Access commands weren't the only functions Zalando added: Its stackset controller also let the team implement gradual traffic switching. To create it, the team built a custom K8s config that let it choose an appropriate tool – in this case, Skipper – to achieve the desired gradual traffic switching functionality.
Measuring experience
To make Sunrise as useful as possible, Zalando needed to understand precisely how the platform impacted the typical dev experience. It focused on four well-known delivery performance metrics identified by the popular "Accelerate: The Science of Lean Software and DevOps" book. At the same time, it added a unique twist, adapting these metrics to suit its practices:
Sunrise integrates with Lightstep OpenTracing to provide a range of functionalities. For instance, it can analyze service dependencies to create visual graphs of interactions. It also uses adaptive paging to identify the root causes of problems and notify the correct stakeholders.
How do you achieve compliance?
Compliance is of vital importance to an organization of Zalondo's size. Henning describes how the company depends on a multi-tiered system that achieves effective governance using:
- An asset registry that stores vital data about applications, including ownership, status, and custom alerts,
- Mandatory 4-eye PR approval,
- Approved Docker base images, and
- Mandatory k8s labeling and AWS tagging.
The wrap-up: what Sunrise achieved
Sunrise is a huge platform featuring thousands of services. So does Henning think it was worth the effort? Here's why the answer is a resounding yes:
Keeping everyone on track
The Sunrise developer platform subtly unifies the dev experience via its unique combination of tools, workflows, and a slick dashboard environment. It provides more explicit nudging in the form of a monthly builder newsletter that collects information from all teams. It also keeps people updated on new Sunrise features.
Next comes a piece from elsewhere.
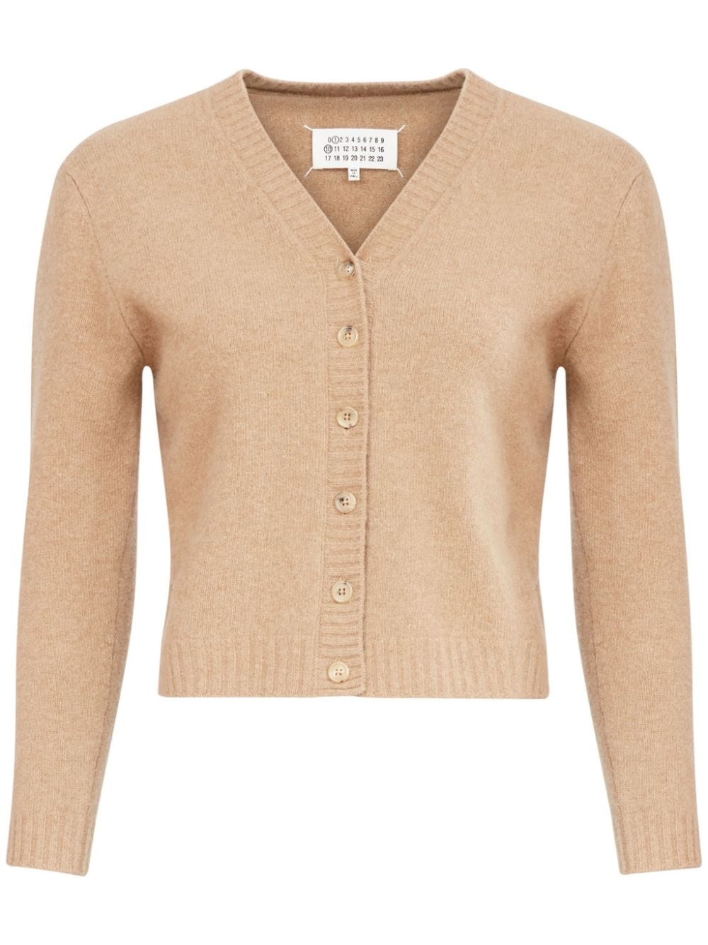 V-neck wool cardigan Highlights - Beige - Wool - Signature four-stitch logo - V-neck - Long sleeves - Front button fastening - Ribbed cuffs and hem - Straight hem Made in Italy Composition Wool 100% SIZE & FIT Measurement SLEEVE LENGTH 20.47 in(52 cm) HIPS 34.64 in(88 cm) LENGTH 21.65 in(55 cm) WAIST 37 in(94 cm) FittingInformation Designed for a relaxed fit, this piece allows for comfort and movement when worn Made with a midweight knit, this piece offers some stretch This piece fits true to size – take your usual size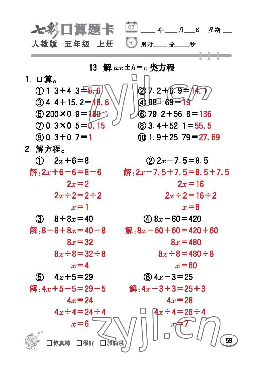 注:目前有些书本章节名称可能整理的还不是很完善,但都是按照顺序排列的,请同学们按照顺序仔细查找。练习册 2022年七彩口算题卡五年级数学上册人教版 答案主要是用来给同学们做完题方便对答案用的,请勿直接抄袭。

Working for the organization
During his talk, Henning repeatedly returned to the core assertion that Sunrise must support the needs of different audiences. For instance, different stakeholders proved more likely to use certain dashboards, but the system needed to accommodate everyone. To make this more viable, Zalando integrated a Sunrise primer into its standard onboarding program, giving new devs the support they need to master fundamental tasks.
Offering flexibility
Henning also elaborated on the tradeoffs between maintaining team autonomy and centralizing services. In the end, he said that Zalando valued established processes over local optimizations: Local solutions aren't always the best options for the company as a whole.
Teams that don't want to abandon their favorite hacks may resist switching to centralized services. When it comes to scaling at the corporate level, however, organization-wide solutions are far more effective. At the same time, centralized services can still accommodate the need to make changes, such as when you're working with vendor tools that might be opinionated.
Choosing where to invest
Henning also divulged a fascinating insight into how business decisions relate to internal platform development. Instead of using quotas to determine the size of its platform engineering team, Zalando takes a flexible approach that concentrates on the projects and concepts it deems investment-worthy. Considering what Sunrise has achieved with only a fraction of the company's total engineering workforce, this philosophy seems to have paid off.
A good example involves Zalando's dedicated data engineering. Sunrise accommodates these devs with a machine learning platform that consumes pipelines defined as Python scripts. Henning says that creating a flexible architecture made it easier to support adding these kinds of capabilities.
Sunrise lets Zalando pursue new productivity-boosting opportunities with a design mentality focused on productivity and developer happiness. These kinds of metrics can be notoriously hard to optimize for, however. Maintaining a flexible platform makes it possible to zero in on a team-by-team basis – and refine what you track to generate more useful data.